Sergeant Ronald John Tarlington remains has been suspended on full pay despite a Magistrate in Downing Centre Local Court finding him guilty and imposing the orders on him.
The court heard that a female colleague was sitting on Sergeant Tarlington’s lap at a pub one evening late last year, when the senior officer moved his right hand inside her jacket and grabbed her breast, causing her to stand up and walk away.
The woman told the court that her superior squeezed her nipple, growled and had a crooked smile on his face. She reported the incident to several colleagues immediately afterwards, and the entire incident was captured on CCTV footage.
In finding him guilty, Magistrate Paul Mulroney found there was no evidence consistent with the touch being a mistake, as the sergeant had claimed.
His Honour remarked that people should be able to socialise without having their bodily integrity compromised, and that the sergeant’s conduct was a breach of trust.
Mr Tarlington is now appealing his sentence to the District Court of New South Wales.
Harassment is rife in the NSW police force
Harassment and bullying are rife amongst the Australian police forces, with figures released in 2018 showing that in the New South Wales force alone, officers lodge around 200 harassment complaints against their own colleagues each year, about a quarter of which are for sexual harassment.
In 2019, a cultural review of the NSW police force, conducted by former Australian sex discrimination commissioner, Elizabeth Broderick, found that one in three women reported being sexually harassed by a colleague in the last five years while only 13% men said the same.
Female officers reported a ‘masculine culture’ with high levels of sexual discrimination, which made it difficult for them to do their jobs or move through the ranks to leadership positions.

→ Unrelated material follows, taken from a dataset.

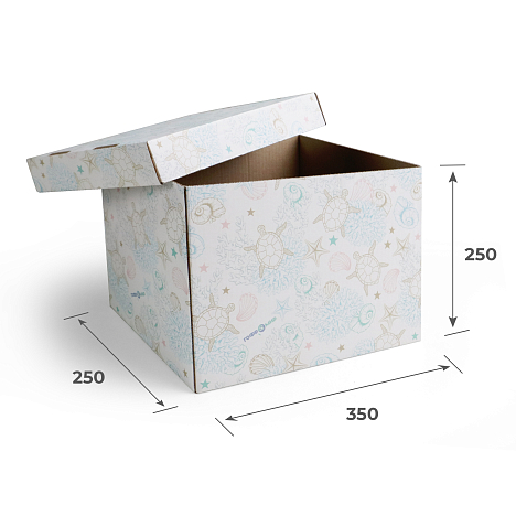 Гофрокороб крышка-дно 350х250х250 изготовлен из трехслойного гофрокатона белого цвета. На изделия нанесена цифровая печать. Модель «крышка-дно», где крышка по каталогу FEFCO 0422, а дно - 0216, очень легкая, компактная и не занимает много места.

At the time, the New South Wales police union called on the force for urgent action to end the ‘boys’ club’ and provide more of a level playing field for women.
Victorian police, South Australian Police and the AFP have also been the subject of various reviews in the past several years, each of which have highlighted high levels of harassment.
For victims, speaking up can mean further harassment as well as ostracism and intimidation. Police forces around the country have a reputation for isolating and tormenting whistleblowers, and protecting their own.
Often this means officers who witness poor behaviour won’t stand up for their colleagues either for fear of reprisal, and victims can sometimes find it easier to leave the force.
Part of the problem too, stems from the fact that offending officers are, more often than not, left undisciplined.
What does the law say?
But the relatively new offence of sexual touching – which replaced the offence of indecent assault in New South Wales on 1 December 2018 – says that making sexualised contact with another’s body without their consent a criminal offence.
The new offence was introduced as part of a range of reforms across the laws that govern sexual offences, aimed at promoting coherency and clarity.
The offence of Sexual Touching in NSW
Sexual touching is an offence under section 61KC of the Crimes Act 1900 in New South Wales, which carries a maximum penalty of 5 years in prison in the District Court, or 2 years if finalised in the Local Court.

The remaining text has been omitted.